JULY 2006 'The Work of Gilles Deleuze' Conference Report

‘The Work of Gilles Deleuze’ Conference took place on Saturday on a very sunny day amidst the baroque splendour of the Maritime Campus. Greenwich played host to a fruitful meeting of Deleuze scholars and featured a series of fascinating and vital papers at the cutting edge of this field. Three parallel session ran in the morning and three in the afternoon. Scholars attended from across the UK and abroad, some having made long journeys to be here.

In the morning one session featured two papers that used artworks in order to explore and develop aspects of Deleuze’s work. This included Juan Usle’s work in Cath Ferguson’s paper, where it was related to bio-semiotics. A film made by Steven Eastwood, the second speaker of the session, was shown and raised issues about the practice and value of editing. The session also engaged with Deleuze’s critique of representation, his problematisation of sensation and work on the rhizome and body without organs.

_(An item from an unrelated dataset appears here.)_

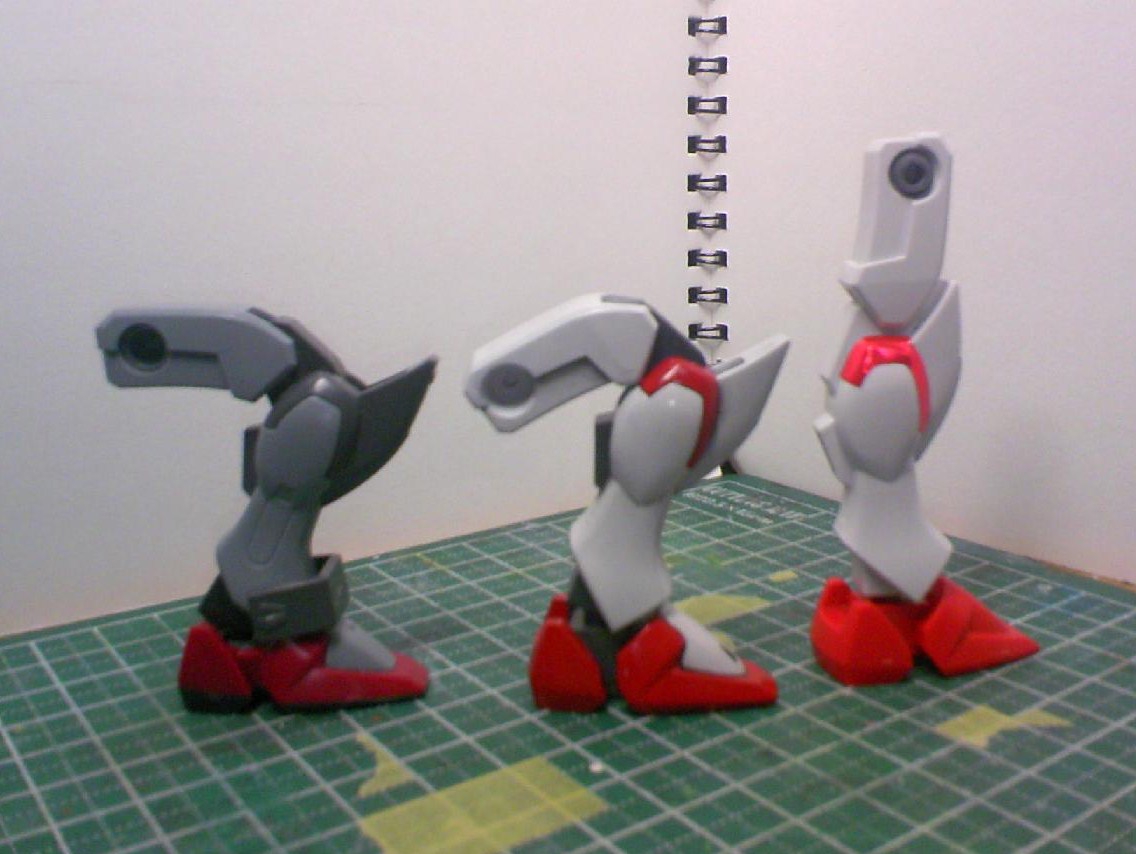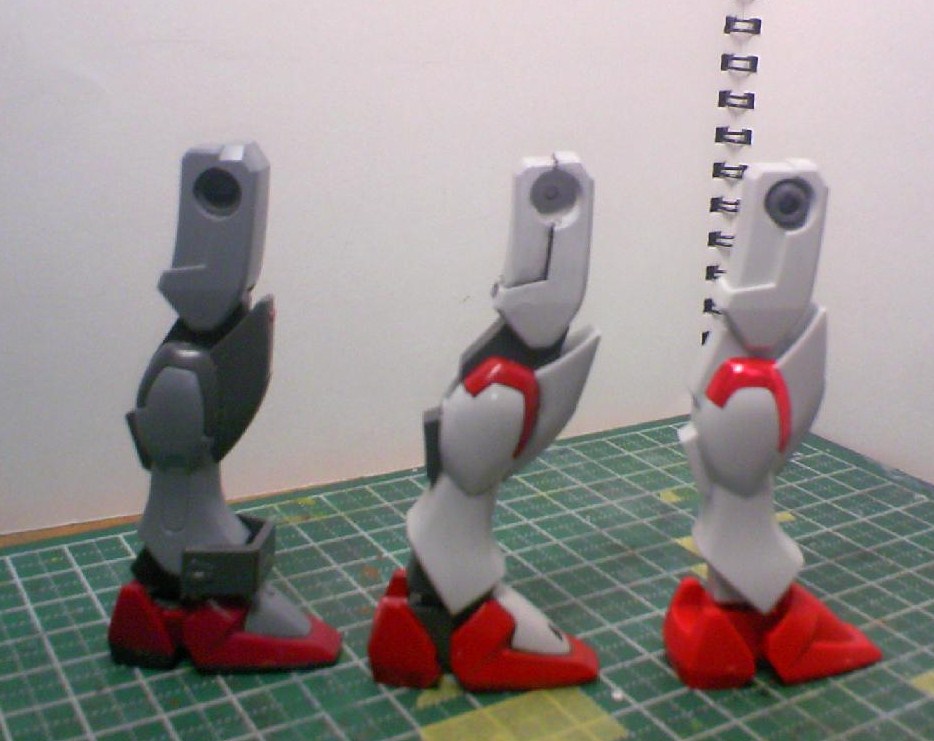 左からHGの105ダガー、今回のストライクダガー、改造前の状態となります。多少傾いていますが、ほぼHGと同じ仕様ですね。
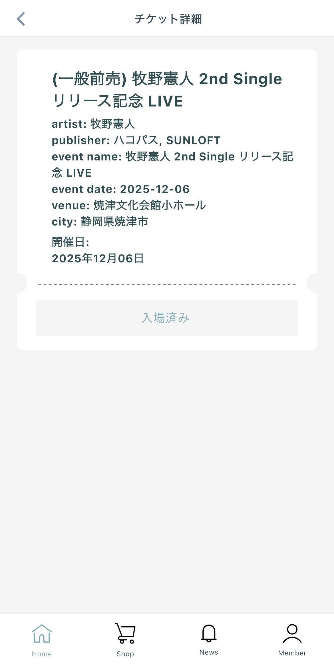 ハコパスは、牧野憲人さんの2nd Singleリリース記念LIVEで初めて採用されます。牧野さんは焼津市役所に勤務しながら音楽活動を続け、地域を中心に支持を得ているアーティストです。地域で活動するアーティストとファンの距離が近いライブのため、来場証明を記念として残したり、ライブ後も特典を届けたりすることができるハコパスの特徴が活かされる場として、今回の導入が決まりました。

A session featuring Matt Lee, Maria Lakka and Michael McGuire was animated by a common thread: the problem of the political for Deleuze. A further session featured Dror Yinon on the relation of Kant and Deleuze, Tristan Moyle on McDowell and Deleuze, and Patricia Farrell on paratactic narrative in Deleuze. These pushed the boundaries of research on Deleuze.

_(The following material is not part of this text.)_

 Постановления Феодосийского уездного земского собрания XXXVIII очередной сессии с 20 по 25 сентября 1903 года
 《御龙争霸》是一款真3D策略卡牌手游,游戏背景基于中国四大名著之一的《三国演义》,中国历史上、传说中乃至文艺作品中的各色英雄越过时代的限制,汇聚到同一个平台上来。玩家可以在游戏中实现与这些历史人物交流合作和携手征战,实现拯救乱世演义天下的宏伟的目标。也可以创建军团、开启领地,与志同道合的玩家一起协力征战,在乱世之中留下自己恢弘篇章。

After lunch the grand council chamber was the setting for a papers on Deleuze and Stoicism, by John Sellars, and Deleuze and Whitehead, by Keith Robinson. These stimulated keen discussion and offered new directions for Deleuze scholarship in the further development of these dimensions of his thought.

Across the courtyard of Queen Anne Court another session featured a paper by Ed Romein and Sjoerd van Tuinen on the ‘City Without Predicates’ and one from Wim Christiaens on ‘Bergson and Quantum Theory.’ These papers explored themes at the heart of Deleuze’s work. The role of Leibniz and Deleuze’s interest in the urban were at the fore. The second paper presented classical and quantum systems in order to open up and develop highly productive areas in Difference and Repetition. A further session took place in which Gulsen Bal spoke on art production and the political, while Ils Huygens developed ideas of affect and image.

Given such a great set of sessions I for one wished that I could be in three places at once. This review reflects the fact that its author, of necessity, attended only two sessions and so relied upon reports about the other four. Readers are welcome to e-mail we36[at]greenwich.ac.uk if they would like to add to this report with anything the author missed or neglected.

The speakers and participants deserve great thanks for the papers and discussions that were at all times first rate and of great contribution to Deleuze scholarship.